[Records excerpted from a collection]
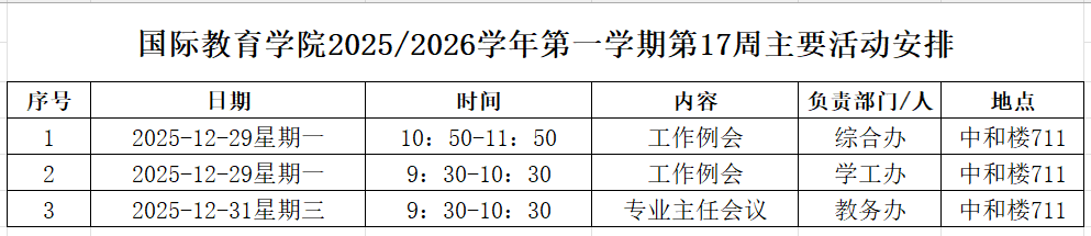 国际教育学院2025/2026学年第一学期第17周主要活动安排
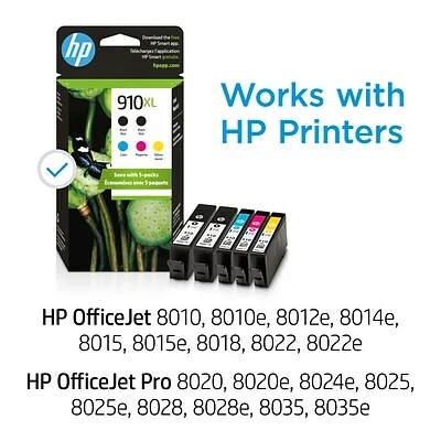 HP 910XL Black/Cyan/Magenta/Yellow High Yield Ink Cartridges, 5/Pack (6ZA558AN) is compatible with the following HP printers:
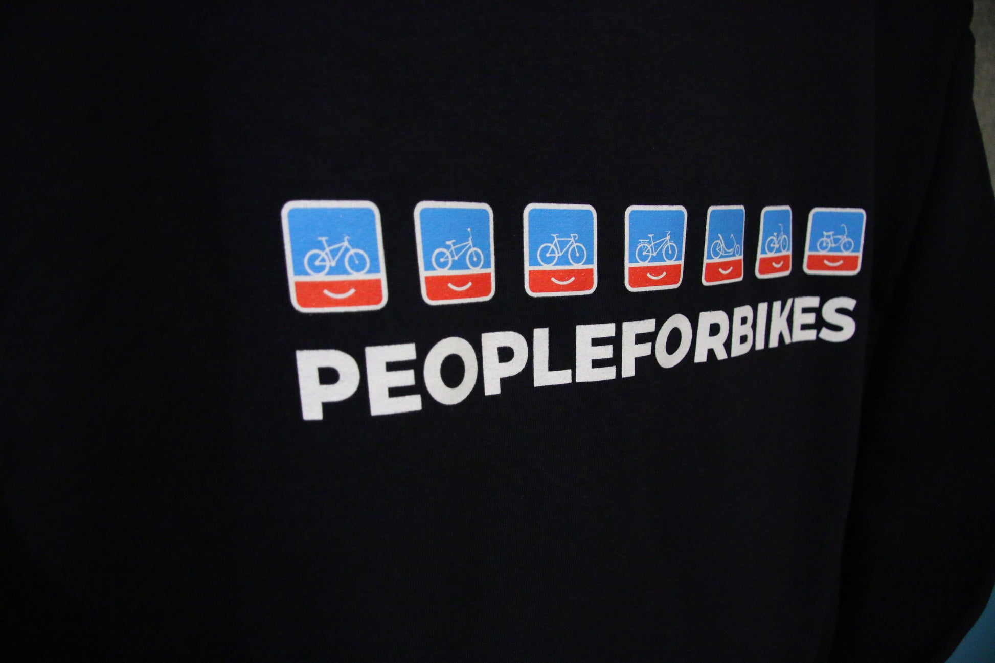 Our classic PeopleForBikes hoodie features seven different iterations of our "smiling bike" icon in different bike categories.
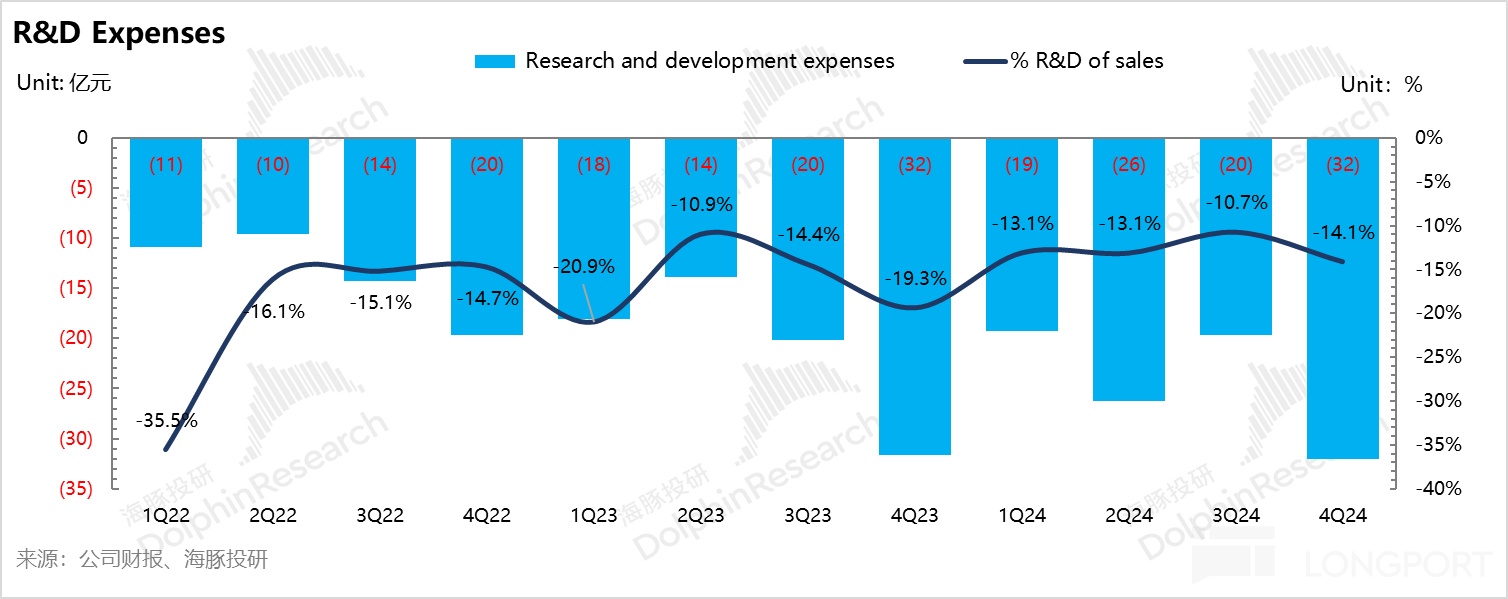 四季度极氪研发费用 32 亿,相比上季度环比增长 12 亿,研发投入也明显超出 2024 年 80 亿的指引,海豚君认为仍然极氪仍然在补智驾短板,以及投入 2025 款新车型的研发。
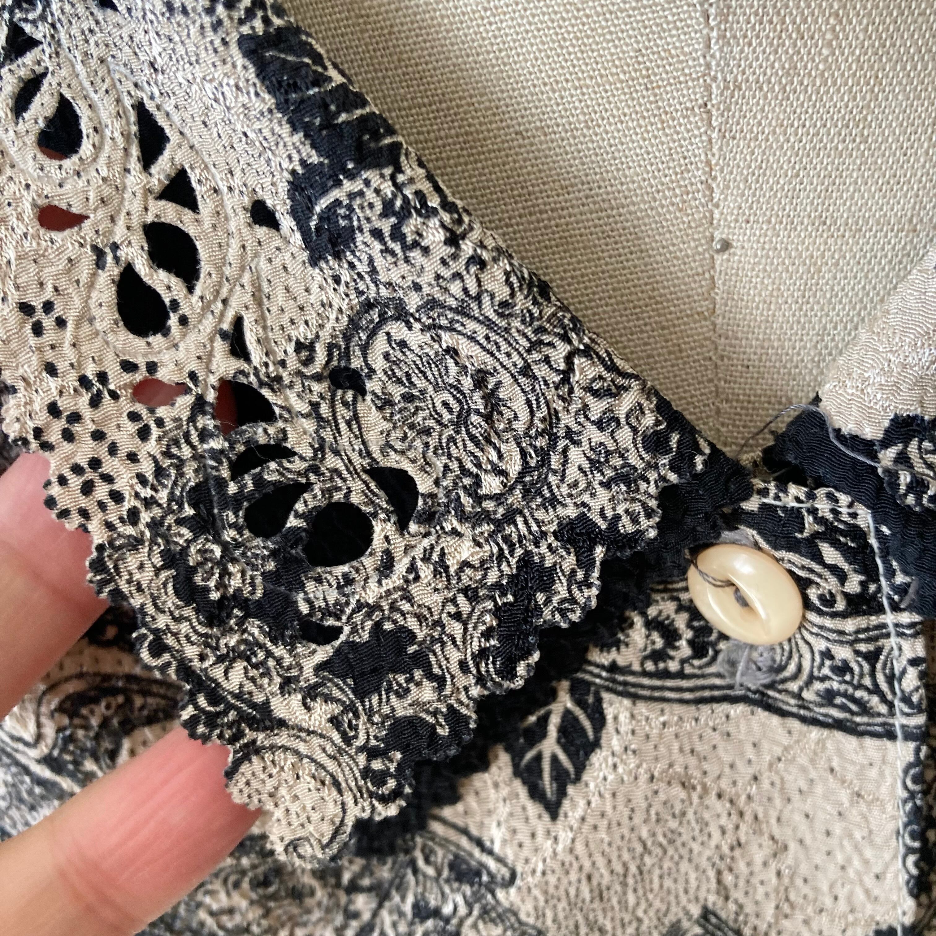 モノトーンなヨーロッパ調の柄が素敵な七分袖のブラウスです。襟は二重で黒色がアクセントに。よく見るとスカラップ、カットワークデザイン。モノトーンコーデも素敵ですし、赤などヴィヴィッドな色との組み合わせも可愛いと思います。
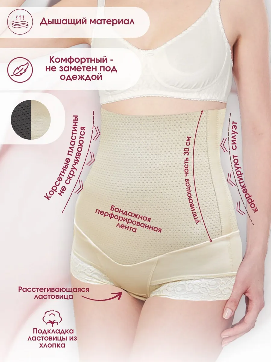 Бандаж компрессионный Основным предназначением бандажа для женщин является фиксация с обеспечением необходимого уровня сдавливания мягких тканей. Чаще всего такое белье изготавливается из материалов с высокой степенью эластичности, так как они способны повышать мышечный тонус, улучшать кровоснабжение, а самое главное – оказывать хорошее компрессионное воздействие. Для чего нужен бандаж? Бандаж помогает визуально создать идеальную фигуру, подчеркивая линию талии и эффектно приподнимая ягодицы .Белье хорошо поддерживает поясницу, позволяя ей находиться в правильном положении. Таким образом, снимается нагрузка и предотвращаются болевые ощущения, а также прочие неприятные симптомы .Изделие не дает мышцам живота и ягодиц расслабиться, постоянно держа их в тонусе. Первое время после родов, когда женщинам противопоказаны активные физические нагрузки, жесткие диеты и разгрузочные дни для похудения. Бандаж компрессионный хорошо помогает вернуть фигуру в былую форму. Использовать белье можно не только в послеродовый период и для коррекции фигуры, но и после операций, например, для профилактики появления грыж, а также после липосакции. С его помощью период реабилитации проходит быстро и безболезненно .Заказать бандаж утягивающий можно на нашем сайте по привлекательной цене и с возможностью доставки в любую точку РФ. Противопоказания: Нельзя использовать изделие беременным женщинам, так как это может пагубно сказаться на плоде. Запрещено ношение корсета на теле с открытыми ранами, порезами, свежими швами. Прежде чем начать использование, необходимо завершить курс лечения. То же касается дерматитов, ожогов и других кожных заболеваний. В случае если известны какого-то рода аллергические реакции на компоненты, присутствующие в составе материалов, из которых выполнено изделие, от использования бандажа нужно отказаться в пользу другой модели. Особенности и преимущества бандажа Д-58 от Крейт: Нижняя часть изделия выполнена из стильного и приятного к телу кружевного полотна, верхняя – из бандажной ленты, имеющей перфорацию. Цвет изделия классический – белый. Выглядит бандаж утягивающий как высокие трусики. Высота верхней бандажной части составляет 30 см, что позволяет белью полностью закрывать живот и сидеть наиболее эргономично. Конструкция хорошо держится на фигуре за счет специальных косточек, находящихся в боковых швах на корсете. Благодаря им бандаж не скручивается и хорошо выполняет свои функции коррекции силуэта. Для удобства использования ластовицу можно расстегивать при необходимости.
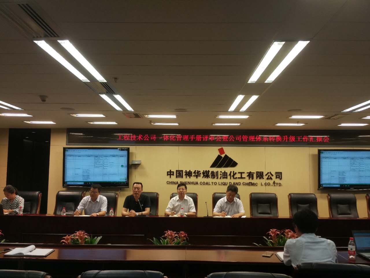 2018年6月22日,神华工程技术有限公司(以下简称“神华工程公司”)安质环部组织召开了“质量、安全、环境管理体系升级转换项目成果汇报会”。会议由安质环部经理惠德建主持,三星九千技术服务组、神华工程公司姜利总经理、赵永年副总经理及各部门、安徽设计院、榆林项目部、包头项目部主要领导共30余人参加了会议。
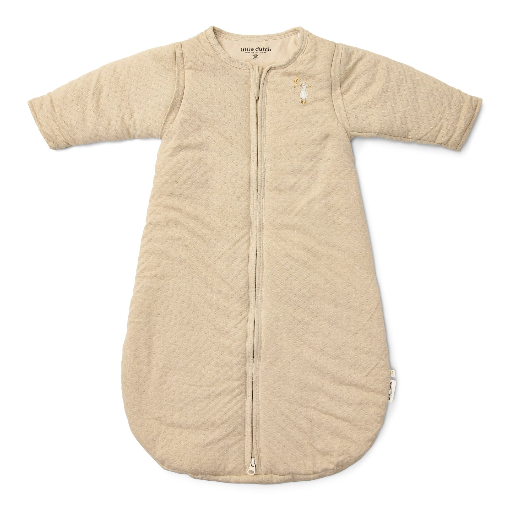 Houd je kleintje warm en knus deze winter met de Little Dutch winterslaapzak in de elegante Soft Beige kleur. Gemaakt van luxe jersey jacquard stof en 100% biologisch katoen, voelt hij heerlijk zacht aan. Het schattige borduursel met gansje op de borst zorgt voor een vleugje charme, terwijl de ronde onderkant en afritsbare mouwen praktisch en comfortabel zijn. Perfect voor koude nachten en schattige dromers. Er zit een flap over de rits om de gevoelige babyhuid te beschermen. De slaapzak is verkrijgbaar in 70 cm en 90 cm.
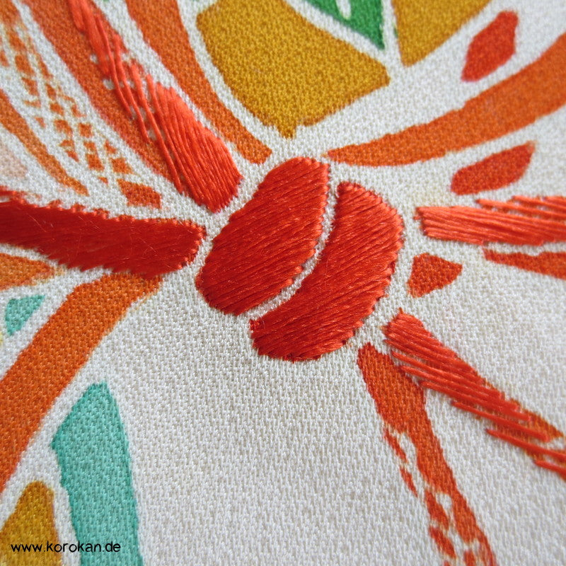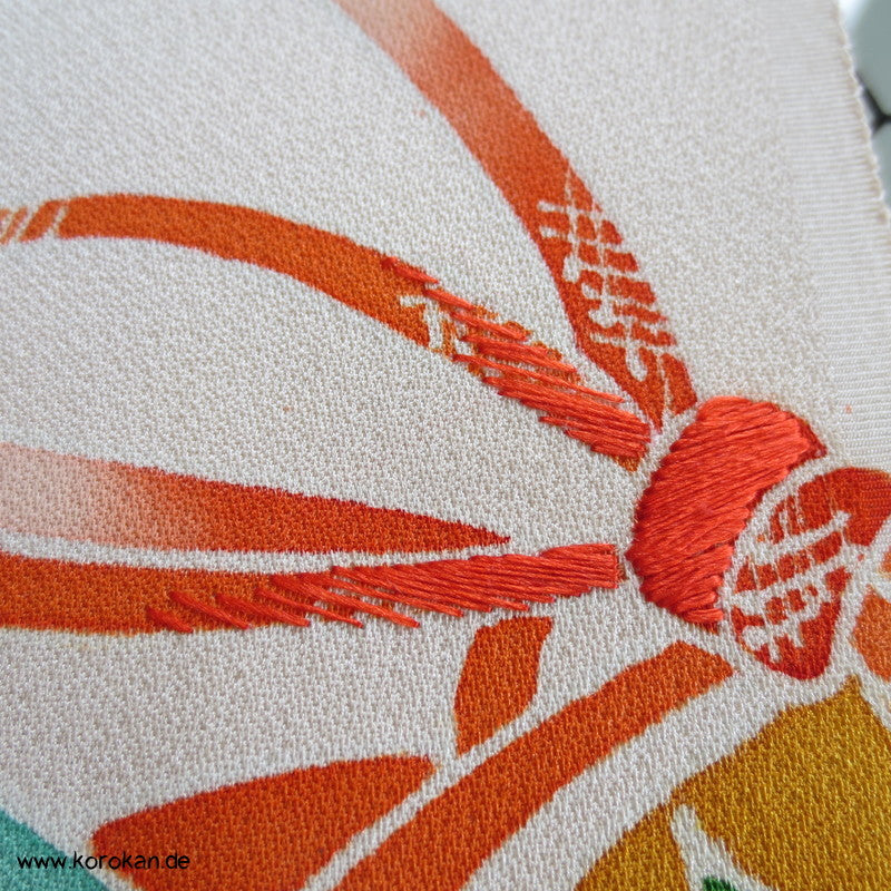 Flechtbänder, Handtrommel Tanmono, Teilstickerei auf Seidencrepesatin
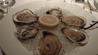 The pasta with shrimp was done in a spicy marinara sauce over fresh spaghetti. The duck was presented two ways - roasted breast and confit leg with wild rice and au jus. The sirloin with steam vegetables had a blackened crust and cooked to a perfect medium rare. And finally the chicken over polenta done with...cranberries or maybe cherries? I don't quite recall. The pasta was so flavorful and fresh it seemed weightless; the duck was awesome - when done right, there's no better expression of fowl than leg of confit duck. The sirloin had a nice flavor and a good balance between tender and yet hearty and finally the chicken was super moist and avoided any pitfalls of being too "ordinary". I personally think the duck took top honors but all four dishes were very good.
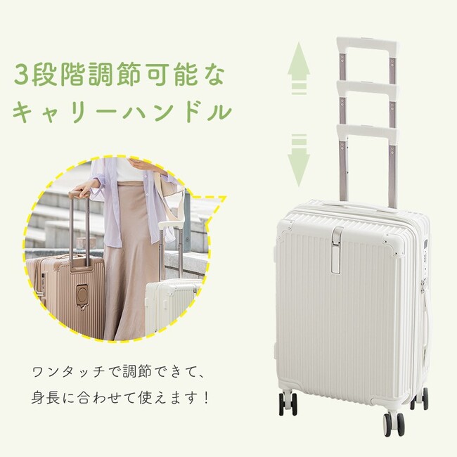 使用感の細部にまでこだわったスーツケース。旅行先などで荷物が多くても、移動が楽々でストレスフリー。是非使って実感してみてください。
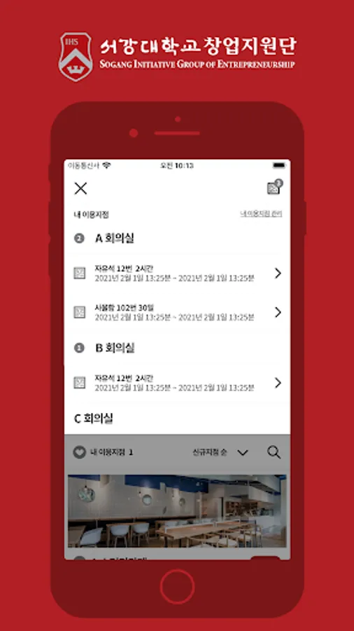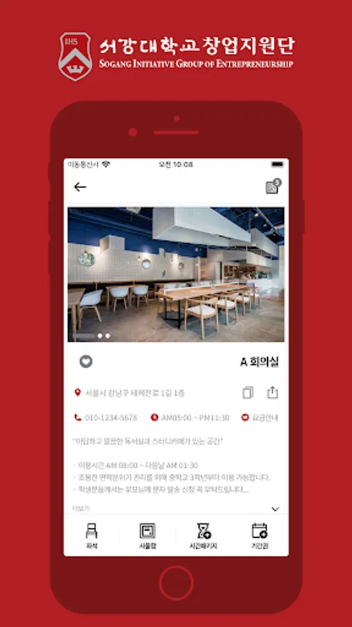 This app allows you to check the seat reservation and status of the Sogang Business Center.

#### Exercise aim
Reproduce the data above exactly, but only from the line containing "Our classic PeopleForBikes" through the line containing "四季度极氪研发费用 32 亿,相比上季度环比增长"; skip the pictures.

#### Answer to this problem
 Our classic PeopleForBikes hoodie features seven different iterations of our "smiling bike" icon in different bike categories.
 四季度极氪研发费用 32 亿,相比上季度环比增长 12 亿,研发投入也明显超出 2024 年 80 亿的指引,海豚君认为仍然极氪仍然在补智驾短板,以及投入 2025 款新车型的研发。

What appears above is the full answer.